John Akomfrah’s Vertigo Sea is a three-screen, 48-minute meditation on humankind’s relationship with the sea, and an exploration of its role in the history of slavery, migration and whaling.
Fusing dramatic footage from the BBC’s Natural History Unit, archival material from British Film Institute and newly shot tableaux in the Isle of Skye, the Faroe Islands and Norway, Vertigo Sea draws upon two remarkable books: Herman Melville’s Moby Dick (1851) and Heathcote Williams’ epic poem Whale Nation (1988). The work explicitly highlights the greed, horror and cruelty of the whaling industry, evoking memories of the slave trade, whilst juxtaposing sequences of migrants making a terrifying and dangerous journey across the ocean in search of a ‘better life’.
The immersive installation delivers a timely and potent reminder of current issues around global migration, the refugee crisis and ecological concerns.

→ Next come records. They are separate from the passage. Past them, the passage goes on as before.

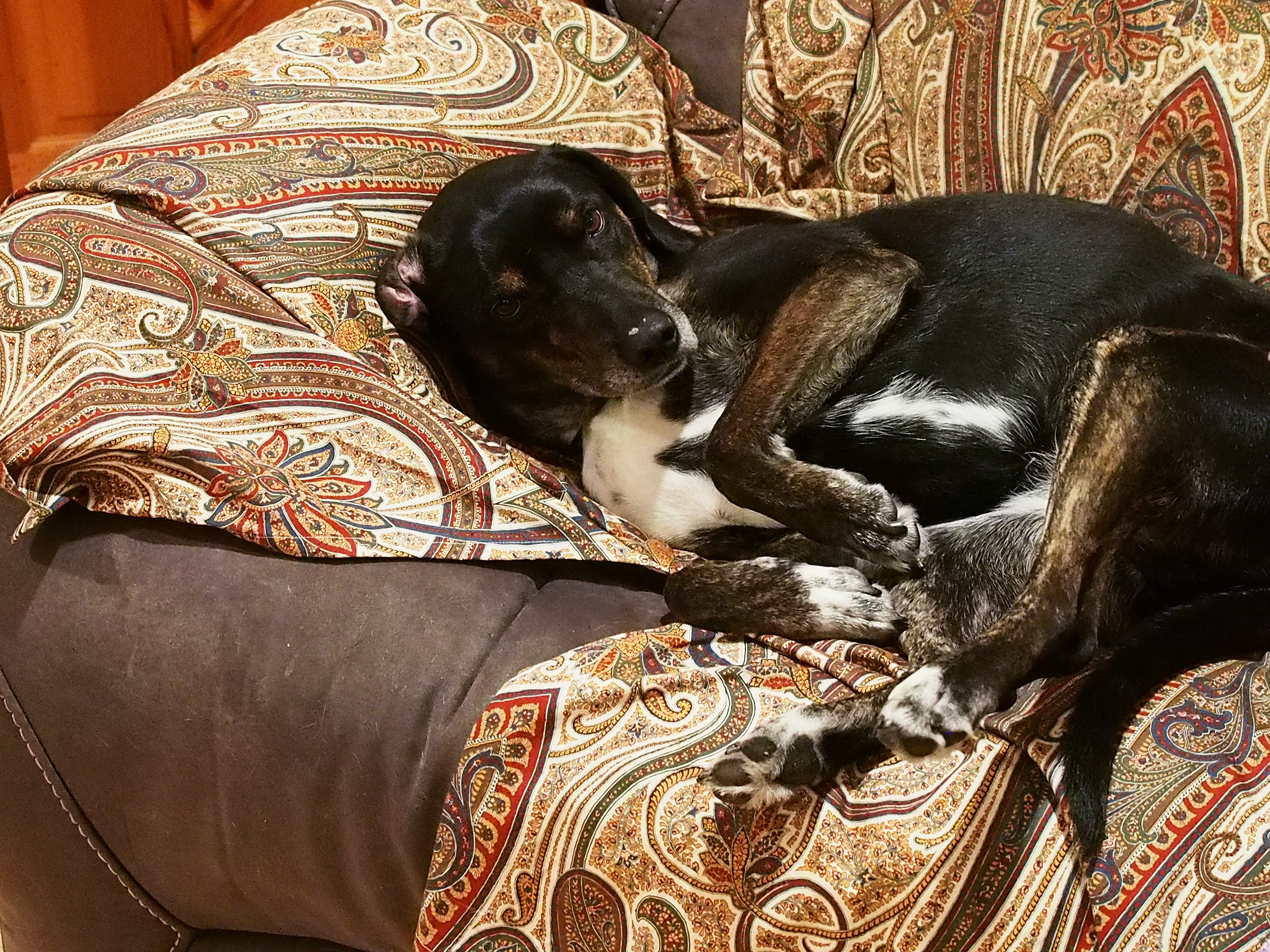 Picture #41: Belly rub achieved Small: 920x713, 221,426 bytes (217K), (html file) Large: 4600x3450, 4,837,850 bytes (4.6M), (html file) Copyright, Michael Meissner 2016, All rights reserved Olympus E-M5-I camera with Olympus-m43 12-40mm f/2.8 lens f/2.8, ISO 3200, 1/50 sec, 21.0mm, auto mode, vivid color, matrix metering, digital zoom x2, auto + manual focus, IS1 (All Direction Shake IS), noise filter low 35mm equivalent focal length 84.0mm, digital zoom x2 Programs used: crop, raw therapee Taken by Michael Meissner on February 07, 2016 01:26:54 Last modified on February 07, 2016 at 17:46 |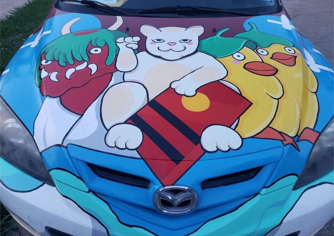 Amanda Bankey and Jackie Valore made this artcar to represent the many years they've been friends and how they adore Miyazaki films. These two artist will be celebrating their 20th year friendship.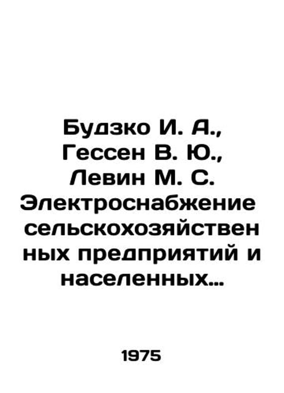 Budzko I. A., Hesse V. Yu., Levin M. S. Electricity supply to agricultural enterprises and settlements In Russian /Budzko I. A., Gessen V. Yu., Levin M. S. Elektrosnabzhenie selskokhozyaystvennykh predpriyatiy i naselennykh punktov. Textbooks and teaching aids for higher agricultural education institutions. Moscow, Kolos 1975. We have thousands of titles and often several copies of each title may be available. Please feel free to contact us for a detailed description of the copies available. SKUalb4208195409968b54.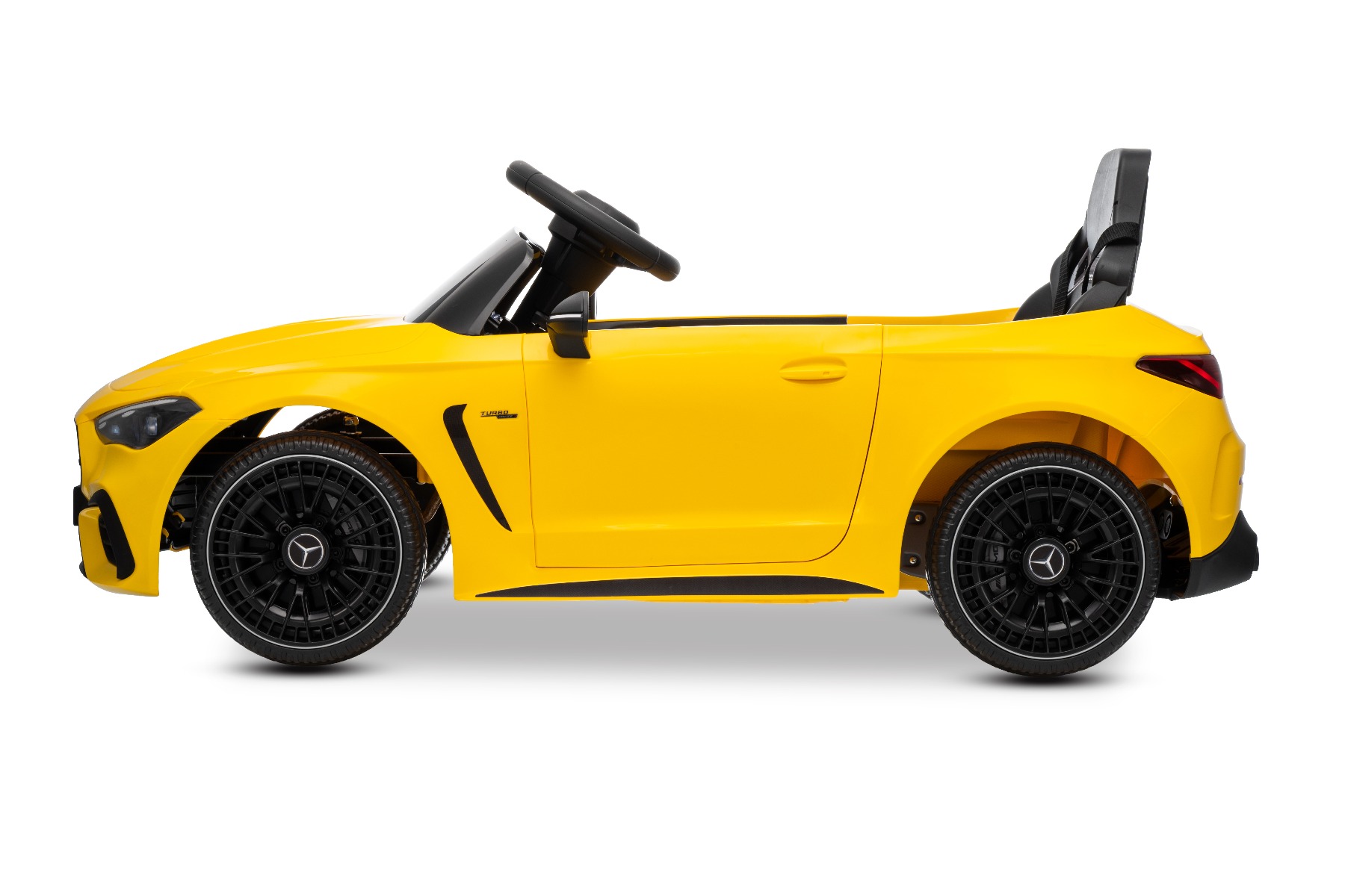 Mașinuță electrică de jucărie Mercedes CLE 12V cu tracțiune spate, galben, scaun individual, baterie litiu, lumini LED, scaun lat, telecomandă 2.4 GHz, player MP3 cu intrare USB/AUX și conexiune Bluetooth, licență ORIGINALĂ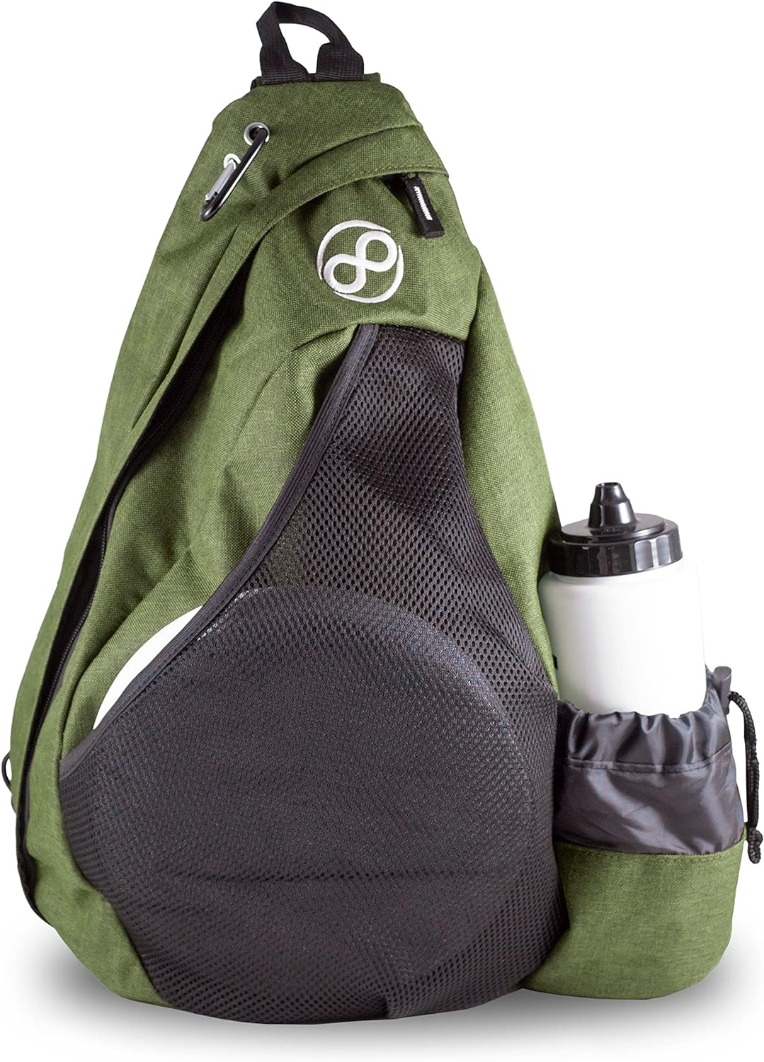 The Infinite Discs Slinger Deluxe bag is an upgraded version of the very popular Infinite Discs Slinger. The bag is made with a durable, long-lasting material with embroidered logos. It adds a carabiner that can be used to attach your towel or bag tags, and has zipper pulls. There is also an improved bottom to help the bag stand upright when set on the ground. But most of all, the disc capacity has been increased so that you can comfortably carry 12-14 discs.
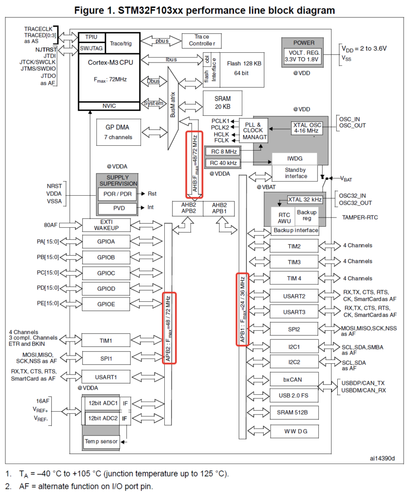 В даташите на STM32F103x8 есть блок-схема, в которой указано, какая периферия куда подключена: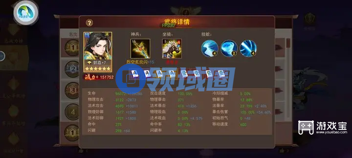 11、然后就是第二天继续跟着主线走就到了15章。第三天一样买神器,弄坐骑,抽令牌。 运气不差郭嘉能+6。神器也能整到一个将就+15的。精炼和重铸一下。这半成品郭嘉能带着推到16关。然后就摆烂卡着了。如果前面郭嘉的神器属性是攻击和暴击三属性的。那后面签到自选神器选华佗的3暴击+15的。

John Akomfrah is an artist and filmmaker whose works are characterised by their investigations into personal and collective histories and memory, cultural, ethnic and personal identity, postcolonialism and temporality. Importantly, his focus is most often on giving voice to the experience of the African diaspora in Europe and the USA.

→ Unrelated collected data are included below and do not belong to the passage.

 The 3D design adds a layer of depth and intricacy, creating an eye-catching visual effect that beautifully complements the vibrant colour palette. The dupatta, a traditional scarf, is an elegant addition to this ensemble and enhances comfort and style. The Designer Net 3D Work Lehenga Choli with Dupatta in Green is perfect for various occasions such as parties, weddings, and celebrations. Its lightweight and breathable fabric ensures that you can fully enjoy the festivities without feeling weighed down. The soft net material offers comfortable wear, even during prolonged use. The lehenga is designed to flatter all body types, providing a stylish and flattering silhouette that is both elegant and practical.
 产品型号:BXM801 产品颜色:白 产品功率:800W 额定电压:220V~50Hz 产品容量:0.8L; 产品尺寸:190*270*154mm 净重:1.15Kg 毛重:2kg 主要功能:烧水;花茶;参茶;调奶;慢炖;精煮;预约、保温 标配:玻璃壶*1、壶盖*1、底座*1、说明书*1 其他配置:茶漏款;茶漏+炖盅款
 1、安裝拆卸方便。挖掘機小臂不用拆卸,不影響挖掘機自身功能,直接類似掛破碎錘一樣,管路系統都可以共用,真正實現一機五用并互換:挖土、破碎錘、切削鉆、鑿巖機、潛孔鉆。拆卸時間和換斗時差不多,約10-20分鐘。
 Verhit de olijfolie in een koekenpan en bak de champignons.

Opening Event: The Exchange, Friday 29 April 2016. All welcome. 7.30-9pm (Members-only Reception 6.30-7.30pm). With pay bar and food. FREE – no need to book.
Vertigo Sea is presented at Newlyn Art Gallery with financial support from Arts Council England’s Strategic Touring Fund awarded to Arnolfini, Bristol as the lead venue for the tour. During 2016 and 2017 the work travels to further venues in the UK including Turner Contemporary in Margate and The Whitworth, Manchester.